Children depend on us to help regulate their excitation.
We aim to foster engagement rather than excitation or entertainment.
The central focus here is that the child is getting opportunity both to be excited and to be calm. Both are important and contribute to a natural, healthy rhythm. It is also important that the child is not always reaching a level that is the limit of their excitation.
If your child tends to be very excitable, here are some suggestions you might experiment with:
- Re-read the same picture books many, many times instead of reading different books. This may be a practice in patience for the adult.
- This applies to other kinds of media as well. If you allow the child watch television or movie, replay the same episode or section many, many times.

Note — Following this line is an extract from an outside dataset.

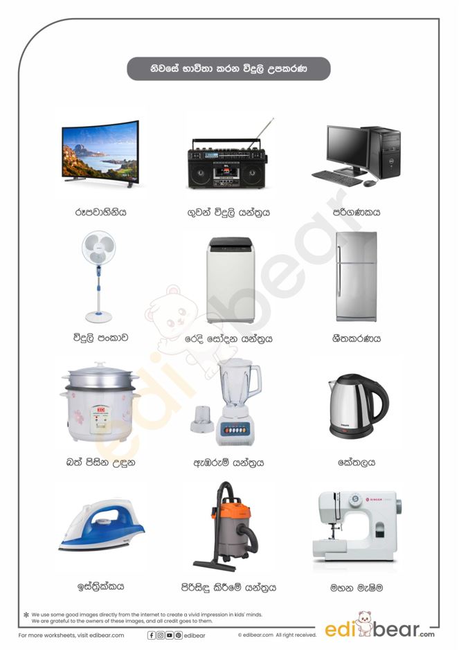 Home appliance names in Sinhala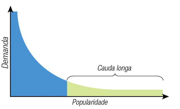 A teoria de Chris Anderson fala dos produtos menos populares, dos gostos das minorias, dos produtos e serviços que não chegam ao público através da distribuição tradicional, aqueles que não se veem nas lojas nem na televisão, mas que agora estão nos mercados mais exigentes e na INTERNET, onde os consumidores têm gostos mais afluentes e diversificados. Ela mostra que a grande rede deu origem a um mercado onde a receita total de muitos de produtos de nicho de baixo volume de vendas equivale à receita total de poucos produtos de grande sucesso.

- When reading a picture book, before changing the page, allow the child to study the page/image until the child is ready for the next page. You may be able to sense this naturally because the child may turn to look at your face. You may want to ask the child to say “next please” or “all done” when they are finished studying the page. I watch their eyes as they study a page and wait for a clue that they are done.
- I don’t think tickling is appropriate for any children but it is especially important not to tickle children who are very excitable. I never tickle a child at school, and this is a rule at Little Quail School.

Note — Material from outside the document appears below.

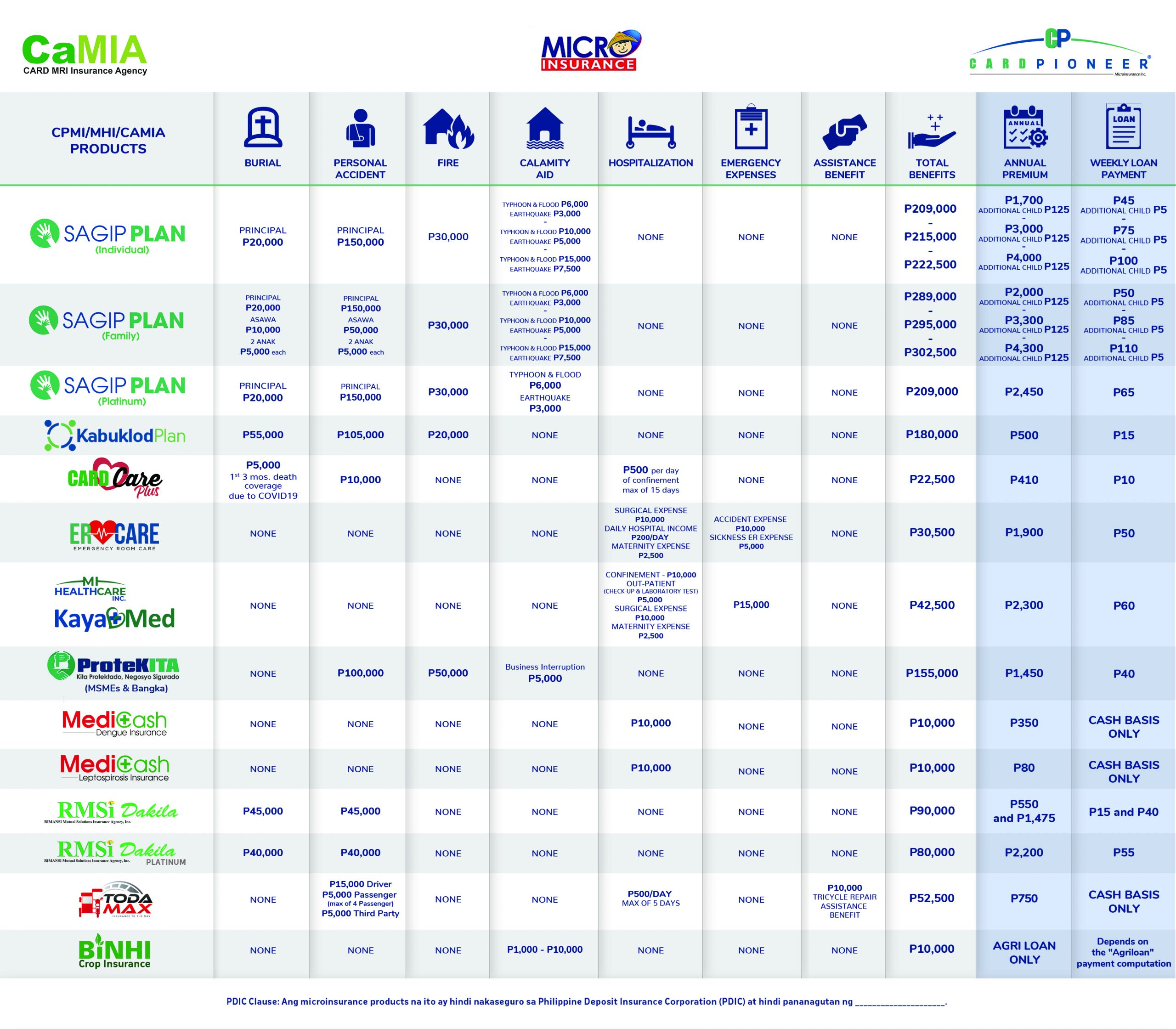CARD Care Plus – is a product for CARD members and is also good for income providers. At 410 pesos premium, it has Personal Accident Benefit worth 10,000 and Daily Hospital Income of 500 per day up to 15 days as cash assistance when the Insured gets confined due to accident or sickness.

- Do not make attempts to excite the child by making faces or tossing the child in the air. We emphasize engagement rather than excitation. Children find plenty in their environment to be excited and stimulated by.
- Down time is extremely important after exciting activities or events. This may look like “doing nothing” but it is a crucial time for integration and learning. Quiet, protected, imaginative play is an excellent way for young children to process.
- Limit choices. This likely includes limiting the number of toys that are available during play time. Limiting the selection of books to choose from is recommended by child expert, Kim John Payne. This can also apply to clothing, foods, and activity options.
If your child seems to lose interest quickly, this may be a sign that the child actually has reached the level of input/stimulation that is appropriate for his/her capacity. This is not a sign of need for increased stimulation, another activity or being entertained by an adult.
Identifying over-excited states:
- Crying easily
- Crying without resolution, one crying episode leads to the next and the next for hours or the rest of the day
- Screaming, screeching, high pitched noises. At Little Quail School we redirect the energy once this level of excitement occurs. For example, if a child is screeching they may be encouraged to sing a song they already know or help with a tactile, grounding activity such as folding washcloths. This moves the child down one rung on the excitation ladder, rather than forcing stillness or quiet which is likely to be jarring and incite significant resistance.
- Speaking quickly and/or loudly.
- Wakes up often during either or both nap and nighttime slumber.
- Has difficulty going to sleep
Typical of over-stimulated children is an inability to listen, hear, and/or follow instructions. I have seen this in children that otherwise respond to a request or join in a song.